» **Task description**:
Within the listing below, please copy exactly the lines between the line holding "Seputarperak.com- Ibadah rutin" and the line holding "三、謹附件:國中部招生DM,掃描DM上之", inclusive.

» **Records for processing**:
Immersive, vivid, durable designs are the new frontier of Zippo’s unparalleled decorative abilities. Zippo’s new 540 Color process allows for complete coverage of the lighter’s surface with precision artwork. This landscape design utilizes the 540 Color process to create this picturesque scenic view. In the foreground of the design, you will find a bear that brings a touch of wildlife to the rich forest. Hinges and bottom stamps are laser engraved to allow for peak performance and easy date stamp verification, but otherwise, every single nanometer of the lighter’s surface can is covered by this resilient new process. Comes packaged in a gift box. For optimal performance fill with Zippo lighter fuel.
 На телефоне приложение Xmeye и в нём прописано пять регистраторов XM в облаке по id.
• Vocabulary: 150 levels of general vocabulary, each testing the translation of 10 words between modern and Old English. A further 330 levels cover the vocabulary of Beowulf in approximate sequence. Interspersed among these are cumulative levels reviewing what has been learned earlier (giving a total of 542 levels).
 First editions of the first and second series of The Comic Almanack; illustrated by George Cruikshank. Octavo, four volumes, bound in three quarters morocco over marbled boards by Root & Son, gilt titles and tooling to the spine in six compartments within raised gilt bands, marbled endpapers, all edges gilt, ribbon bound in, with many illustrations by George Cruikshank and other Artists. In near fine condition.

...

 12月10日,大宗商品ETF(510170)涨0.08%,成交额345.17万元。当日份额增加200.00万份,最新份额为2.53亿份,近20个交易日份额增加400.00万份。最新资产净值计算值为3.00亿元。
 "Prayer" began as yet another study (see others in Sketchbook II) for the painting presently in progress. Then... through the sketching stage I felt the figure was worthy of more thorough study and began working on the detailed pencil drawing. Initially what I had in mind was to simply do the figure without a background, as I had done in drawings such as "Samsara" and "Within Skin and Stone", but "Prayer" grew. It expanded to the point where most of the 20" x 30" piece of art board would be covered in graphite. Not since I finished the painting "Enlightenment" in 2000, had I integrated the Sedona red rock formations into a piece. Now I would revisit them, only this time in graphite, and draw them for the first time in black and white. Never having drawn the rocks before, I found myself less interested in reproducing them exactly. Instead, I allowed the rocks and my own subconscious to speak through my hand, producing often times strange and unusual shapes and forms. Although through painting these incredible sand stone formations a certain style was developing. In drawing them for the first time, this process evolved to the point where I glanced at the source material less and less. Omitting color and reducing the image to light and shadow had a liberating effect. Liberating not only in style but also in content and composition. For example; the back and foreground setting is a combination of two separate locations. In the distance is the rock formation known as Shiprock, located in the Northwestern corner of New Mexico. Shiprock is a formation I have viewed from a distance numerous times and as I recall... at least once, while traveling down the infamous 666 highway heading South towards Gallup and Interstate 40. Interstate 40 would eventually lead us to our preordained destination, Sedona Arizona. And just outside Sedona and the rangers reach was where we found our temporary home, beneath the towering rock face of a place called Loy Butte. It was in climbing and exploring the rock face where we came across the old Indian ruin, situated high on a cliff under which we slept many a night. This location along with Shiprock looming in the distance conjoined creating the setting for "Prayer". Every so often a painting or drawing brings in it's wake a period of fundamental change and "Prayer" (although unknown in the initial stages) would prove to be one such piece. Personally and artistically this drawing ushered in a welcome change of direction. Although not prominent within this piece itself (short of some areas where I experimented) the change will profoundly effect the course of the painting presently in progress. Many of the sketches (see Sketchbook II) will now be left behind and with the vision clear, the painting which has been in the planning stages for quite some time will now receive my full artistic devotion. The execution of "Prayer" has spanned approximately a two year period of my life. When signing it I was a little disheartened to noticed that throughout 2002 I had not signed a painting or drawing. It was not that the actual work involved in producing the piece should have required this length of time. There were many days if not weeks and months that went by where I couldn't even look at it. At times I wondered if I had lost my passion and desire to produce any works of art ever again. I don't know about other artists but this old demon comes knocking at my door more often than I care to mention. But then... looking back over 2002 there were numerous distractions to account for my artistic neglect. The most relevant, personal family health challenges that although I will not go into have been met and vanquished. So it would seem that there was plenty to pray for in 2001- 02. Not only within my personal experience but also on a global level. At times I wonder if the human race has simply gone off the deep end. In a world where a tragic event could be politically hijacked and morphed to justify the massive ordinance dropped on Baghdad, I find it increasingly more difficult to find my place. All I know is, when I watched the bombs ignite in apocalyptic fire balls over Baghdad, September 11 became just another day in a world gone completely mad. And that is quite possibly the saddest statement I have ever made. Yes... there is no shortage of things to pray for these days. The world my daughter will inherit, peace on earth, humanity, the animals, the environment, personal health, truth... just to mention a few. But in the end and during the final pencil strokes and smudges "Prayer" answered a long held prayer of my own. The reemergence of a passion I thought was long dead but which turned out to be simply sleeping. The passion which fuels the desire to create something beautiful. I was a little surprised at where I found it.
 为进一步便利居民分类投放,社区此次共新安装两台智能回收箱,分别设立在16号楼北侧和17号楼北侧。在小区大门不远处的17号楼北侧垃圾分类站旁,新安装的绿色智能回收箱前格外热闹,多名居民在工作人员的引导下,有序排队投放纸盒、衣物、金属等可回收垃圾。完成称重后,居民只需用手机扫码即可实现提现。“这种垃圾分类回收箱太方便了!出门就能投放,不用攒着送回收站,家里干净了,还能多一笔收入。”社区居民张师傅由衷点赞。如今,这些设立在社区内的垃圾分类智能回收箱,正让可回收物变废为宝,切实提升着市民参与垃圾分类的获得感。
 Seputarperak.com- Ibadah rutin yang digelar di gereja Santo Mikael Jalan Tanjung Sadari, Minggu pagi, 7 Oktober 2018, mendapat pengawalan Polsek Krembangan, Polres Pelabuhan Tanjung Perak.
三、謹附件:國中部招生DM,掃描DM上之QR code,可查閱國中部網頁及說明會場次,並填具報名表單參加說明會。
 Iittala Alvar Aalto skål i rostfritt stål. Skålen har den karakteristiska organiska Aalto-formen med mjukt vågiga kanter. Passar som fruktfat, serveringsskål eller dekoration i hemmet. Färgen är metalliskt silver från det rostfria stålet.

» **Solution for this problem**:
 Seputarperak.com- Ibadah rutin yang digelar di gereja Santo Mikael Jalan Tanjung Sadari, Minggu pagi, 7 Oktober 2018, mendapat pengawalan Polsek Krembangan, Polres Pelabuhan Tanjung Perak.
三、謹附件:國中部招生DM,掃描DM上之QR code,可查閱國中部網頁及說明會場次,並填具報名表單參加說明會。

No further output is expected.